“The Big Test for High[ly] Alc[oholic] Wines”

A few days ago, my older brother, Tad Parzen (a top-knotch lawyer who owns and runs a governmental/educational/legal consulting firm in San Diego, CA, and who has worked with a number of the state’s biggest school districts), introduced me — via email — to the wine program manager at Jonathan’s, a gourmet grocery and wine store in La Jolla where we grew up (and where Tad, his family, and my mother still live).

Since I had just read the recent article on Darrell Corti and “Zingate” in The San Francisco Chronicle, I sent him the link and asked for his perspective. Here’s what he wrote back:

“Hey Jeremy, The Corti Bros. are definitely stirring the proverbial wine pot out here, but the high alc wines just keep coming. I’m a fan of both old world rustic elegance and new world lush, lip smacking wines. The big test for quality high alc wines is their ability to maintain appropriate amounts of acidity and minerality. [italics mine] Obviously, balance is the key. When people ask me why domestic wines have more fruit and alcohol than the old world versions, my cliche’d response goes something like: when did you start drinking coca-cola and when they tell me, I generally say that is when europeans had their first glass of wine. Speaking of trends, for every 1 bottle of old world wine purchased at the store, at least six domestic bottles are purchased. Definitely stop by the shop next time you’re out here…

Happy drinkin,

I like his analogy about Coca Cola: Americans (and Californians in particular) want their wine to taste like soda pop and not like wine… and I guess there’s nothing wrong with that. In fact, as Patrick points out, “for every 1 bottle of old world wine purchased at the store, at least six domestic bottles are purchased.”

But I am disconcerted by the notion that a highly alcoholic wine can be balanced. With today’s technology (whereby fermentation is accelerated and whereby the water and alcohol in wine are separated — through “reverse osmosis” — and then blended back together), it’s easy to make wine with high alcohol content.

Minerality and good acidity come from nature, from the fruit and the land, and can only be achieved naturally (although many Californian winemakers, even high-end wineries, actually acidify their wines by adding acid! Why do you think that so many people complain of headaches after drinking fancy Californian wine?).

In fact, the highly alcoholic wines of California are by their nature imbalanced and don’t taste like wine. They smell like alcohol and they taste like “tobacco”, “chocolate”, “boysenberry pie”… To me they taste like cough syrup.

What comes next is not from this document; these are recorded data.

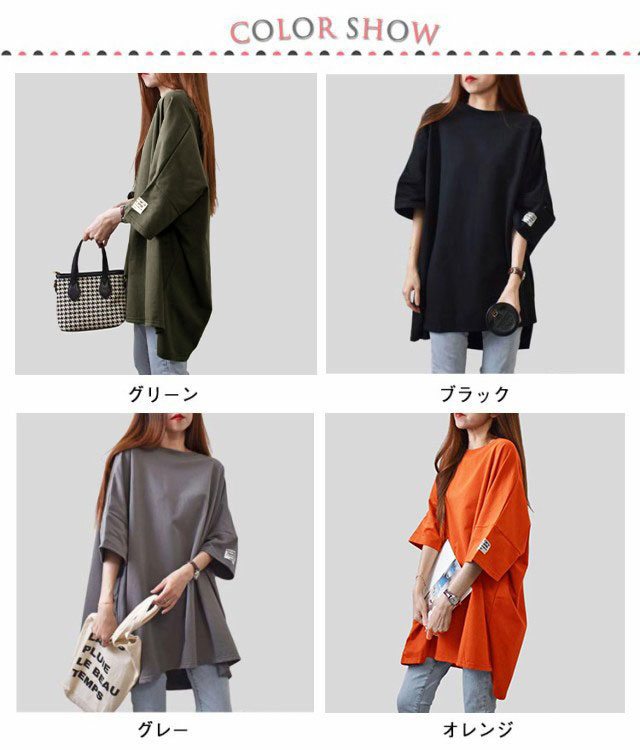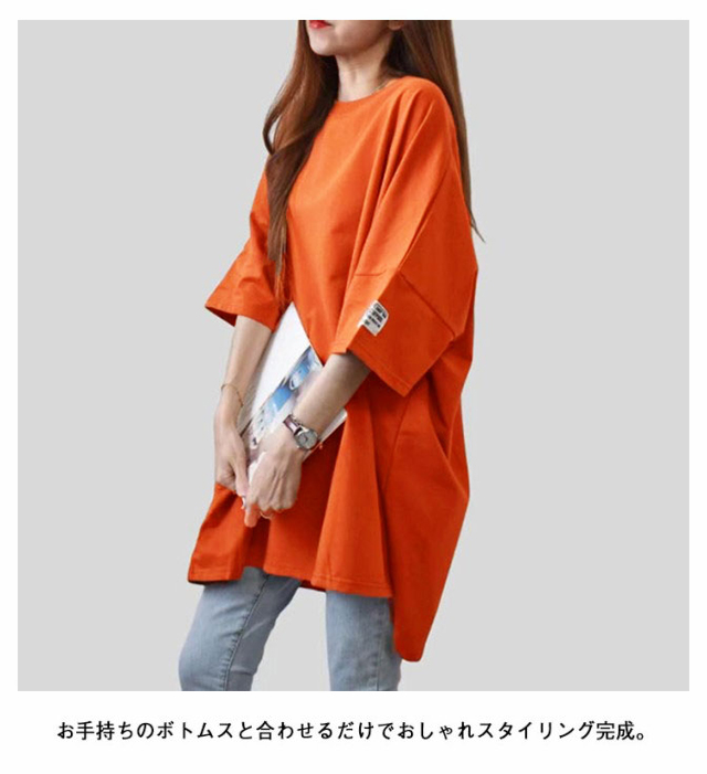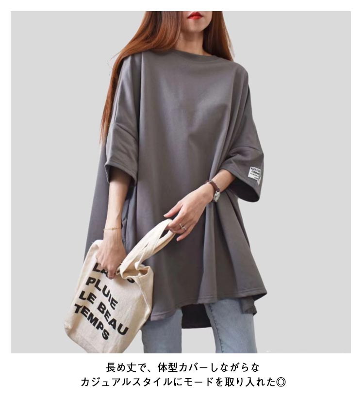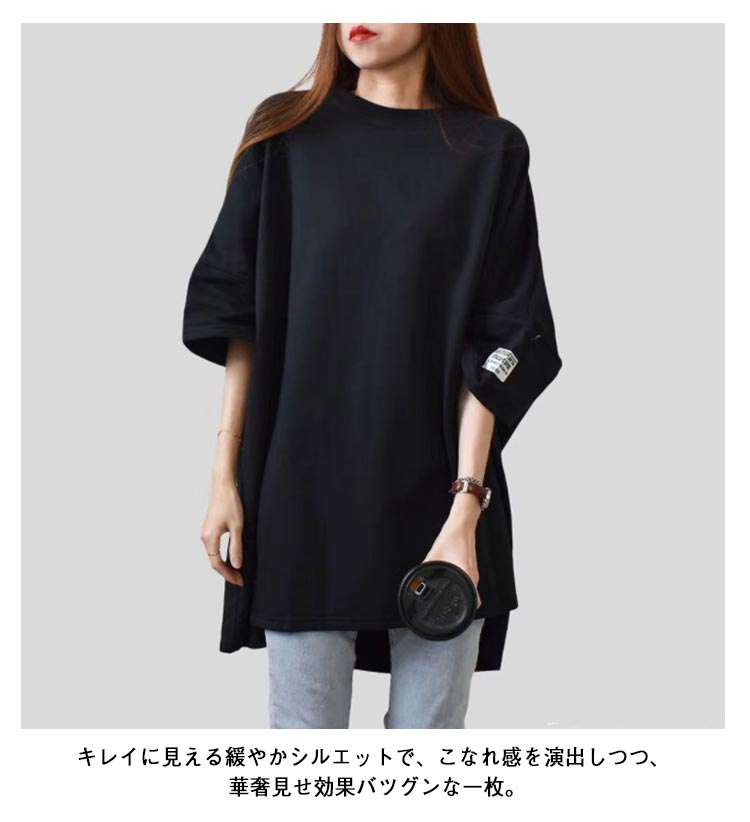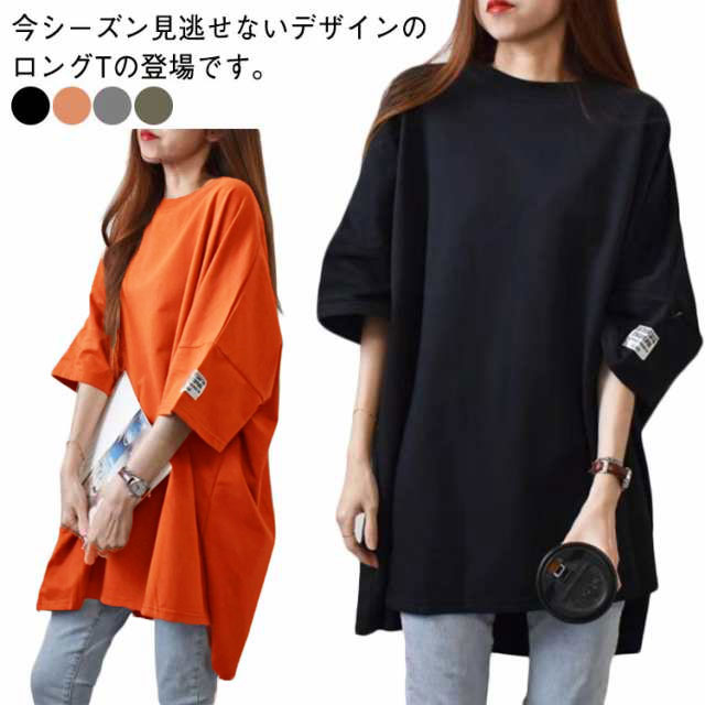 Tシャツ 半袖 ロングTシャツ ゆったり 大きいサイズ レディース 春夏 トップス カットソー ビッグサイズ チュニック おしゃれ プルオーバー 無地 シンプル 体型カバー ママ 母の日 20代 30代 40代 お洒落 送料無料
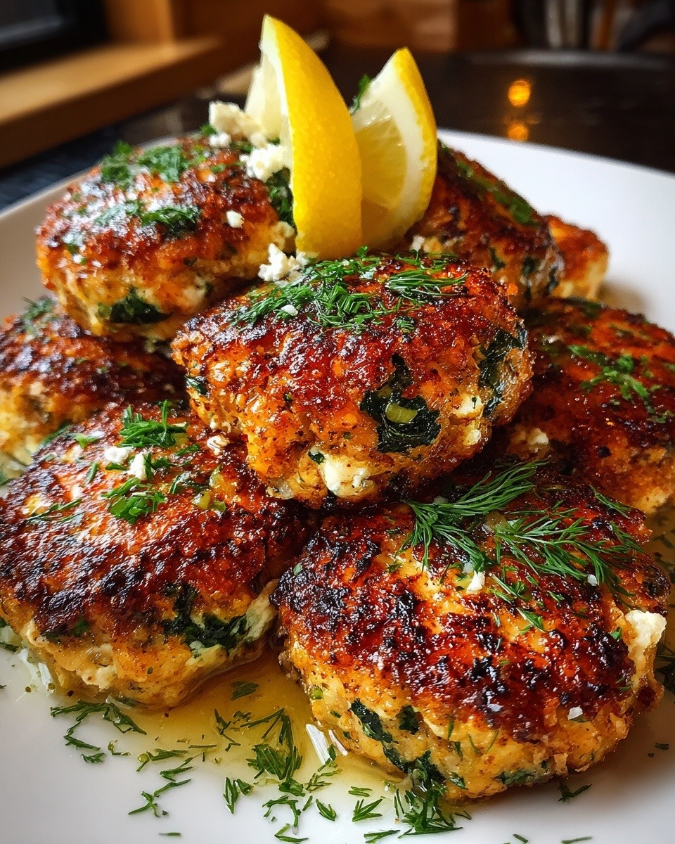π Golden-Crisped Salmon Cakes with Spinach, Feta & Fresh Herbs
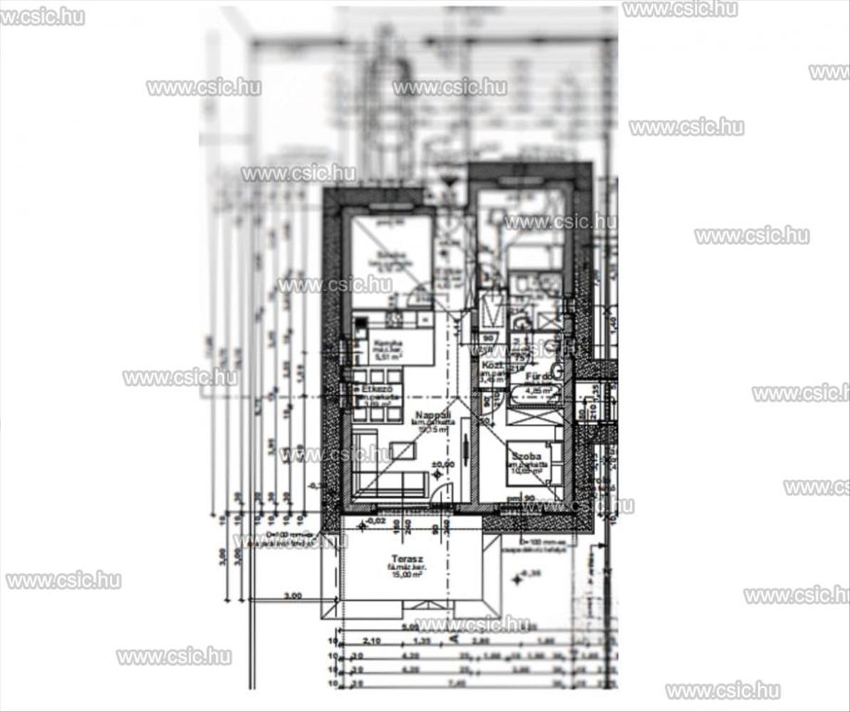 • amerikai konyhás nappali, közvetlen teraszkapcsolattal (15 m²-es terasz)

Californian wines can tend to have higher alcohol content in part because of the California wine country’s warm climate. But it is the Californian winemaking style — and not nature — that creates “new world lush, lip smacking wines,” wines that — in my opinion — have no business be served at a meal because they lack the balance that makes wine an organic element in the human diet.

Time for me to get off my soap box? Yes, indeed. There’s nothing inherently wrong with liking Californian and California-style wines and Patrick is right to sell and serve his customers wines that they like. De gustibus non est disputandum.

In all fairness, I have tasted many Californian wines that I like, notably older Cabernet Sauvignon from producers like Stag’s Leap Wine Cellars and Corison and others (Keens, my favorite steakhouse in Manhattan, has a wonderful vertical of Corison going back to the early 1990s). And Darrell Corti has introduced me to some excellent Sonoma Coast Syrahs.

It is a pity, nonetheless, that generations of wine lovers will not know the truly mineral flavors of a great Chablis or the tar and manure aromas of an earthy Barbaresco. But, then again, maybe I’m crazy to want my wines to taste like rocks and shit.